Roughly the same price as the 3M mask, too.

Does size of the filter matter, do you think?


----------



## sunnybob (30 Apr 2016)

Does size matter? seriously?

The smaller the filter area, the quicker it will block, but that depends on how many hours its used, how much fine dust there is... its endless.

The whole point is, your best chance of avoiding lung diseases is to use an FFP3 filter material. And to make sure it fits securely, and to change it as often as you feel you need to.


----------



## Muswell (1 May 2016)

I've had a powered respirator but didn't like the weight and noise, I've had 3 different renewable filter respirators and found them sweaty. A few years ago I discovered the 3M 8833 which is FFP3 and has the little valve to make it easier to breathe. They are expensive but very comfortable and I wouldn't consider anything else now.


----------



## screwpainting (4 May 2016)

I've just ordered a pack of ten of these thanks to your above recommendation Muswell, having looked at them before. How long would you say you can you use them or are they best just single use. 

https://www.amazon.co.uk/3M-Cup-Shaped- ... 63&sr=1-12

I though that was a pretty good price

Steve.


----------



## skipdiver (13 May 2016)

Now that i am working full time in my shop, i've been wearing a mask all day and it is annoying the rubbish out of me. The recent spell of hot weather has been horrible as i sweat a lot and what with safety specs and ear defenders, it's a pretty uncomfortable experience all round. I really want to invest in a full face respirator but comments on inappropriate filters and noise are putting me off as they are not cheap to try out. Users thoughts would be appreciated.


----------



## Beau (13 May 2016)

skipdiver":13uj6zhr said:


> Now that i am working full time in my shop, i've been wearing a mask all day and it is annoying the rubbish out of me. The recent spell of hot weather has been horrible as i sweat a lot and what with safety specs and ear defenders, it's a pretty uncomfortable experience all round. I really want to invest in a full face respirator but comments on inappropriate filters and noise are putting me off as they are not cheap to try out. Users thoughts would be appreciated.

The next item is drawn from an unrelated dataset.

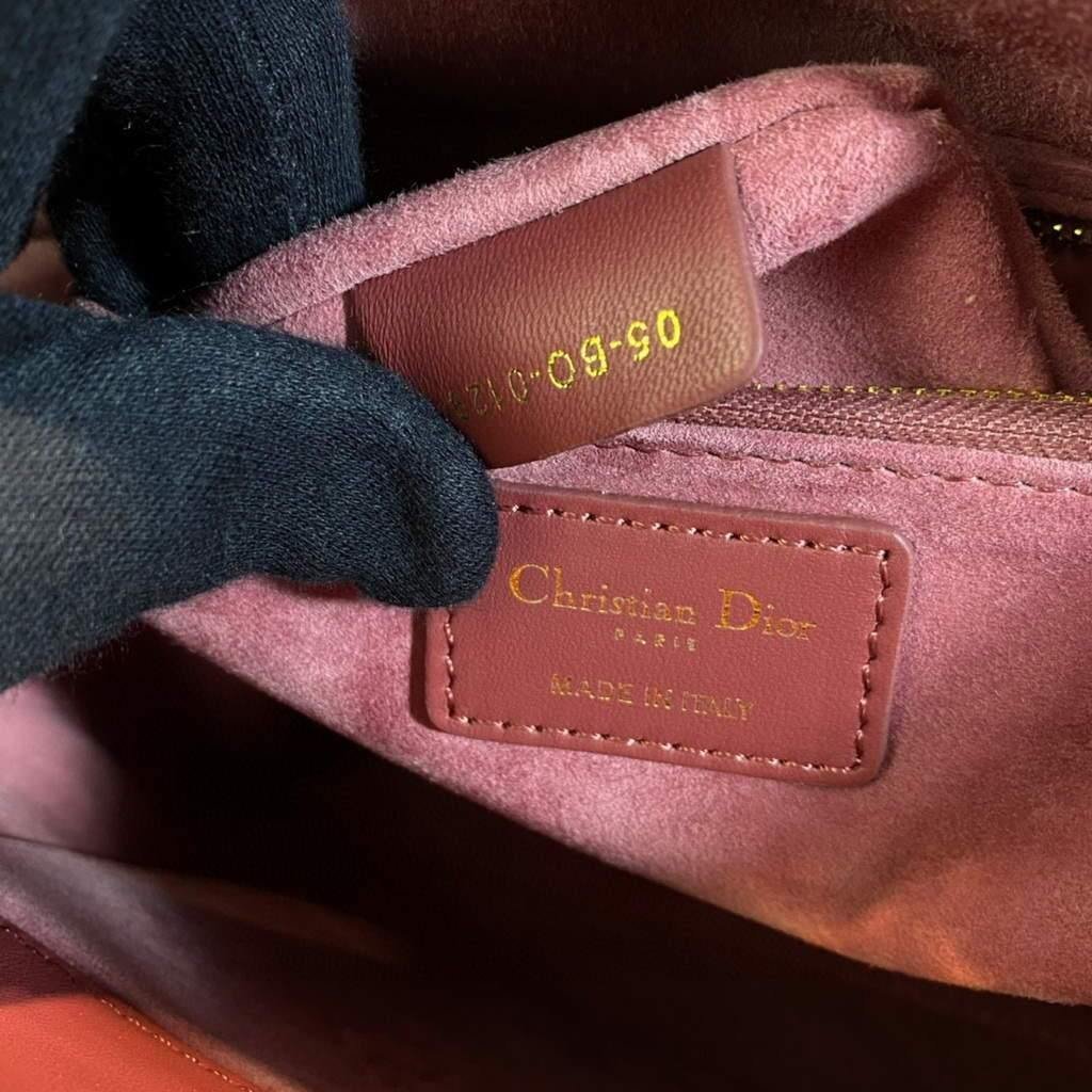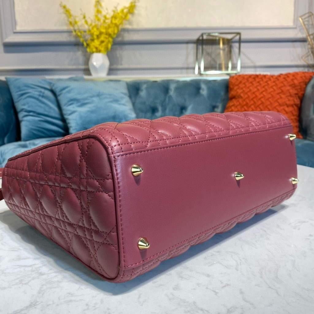 Experience elegance and functionality with the Large Lady Dior Bag. Made with luxurious wine red lambskin, it features a thin, adjustable, and removable shoulder strap for versatile carrying. Equipped with an interior zip pocket and large patch pocket for easy organization. Includes dust bag.
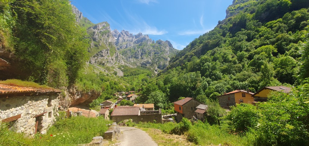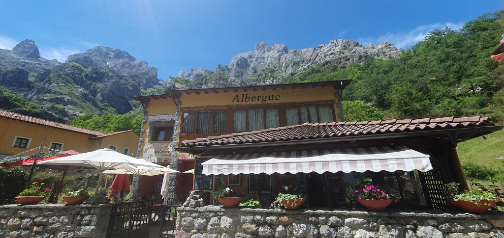 De overnachting in Poncebos was aangenaam. Gisteravond was het volle bak met een groep van ca. 20 Fransen. Gelukkig kon ik mijn maaltijd iets eerder bestellen, want anders had het lang geduurd, met die groep ‘culinaire connaisseurs’. Mijn menu bestond uit asperges vooraf (!) en lokaal gevangen forel daarna. Heerlijk, ‘chapeau’ voor de kok (maar dat heb ik de Fransen niet horen zeggen).

Have you tried a visor instead of the specs? I really like this combo http://www.sorbus-intl.co.uk/v40-peltor ... ming-visor with these masks as they have a downward firing vent to avoid misting up http://www.protectivemasksdirect.co.uk/ ... AnIT8P8HAQ


----------



## sunnybob (13 May 2016)

Skipdiver.
Agreed without argument that the masks are annoying on a full working day, but clogged lungs are forever.
Glad youre still seeking alternatives rather than giving up though.

And just to cheer you up, I'm working in 34 degrees today! Sandals, beach shorts and mask sums up my attire. Stick with the program mate.


----------



## CHJ (13 May 2016)

LFS19":2i536gx9 said:


> I do wonder; why are the trend masks (both the air race and air shield pro) rated at P2?
> Presumably the different filter grades are for different intensities and particle types, but if it's important for people doing woodwork to have P3 filters, why when Trend is a company specialising in woodwork do they only provide the lower grade?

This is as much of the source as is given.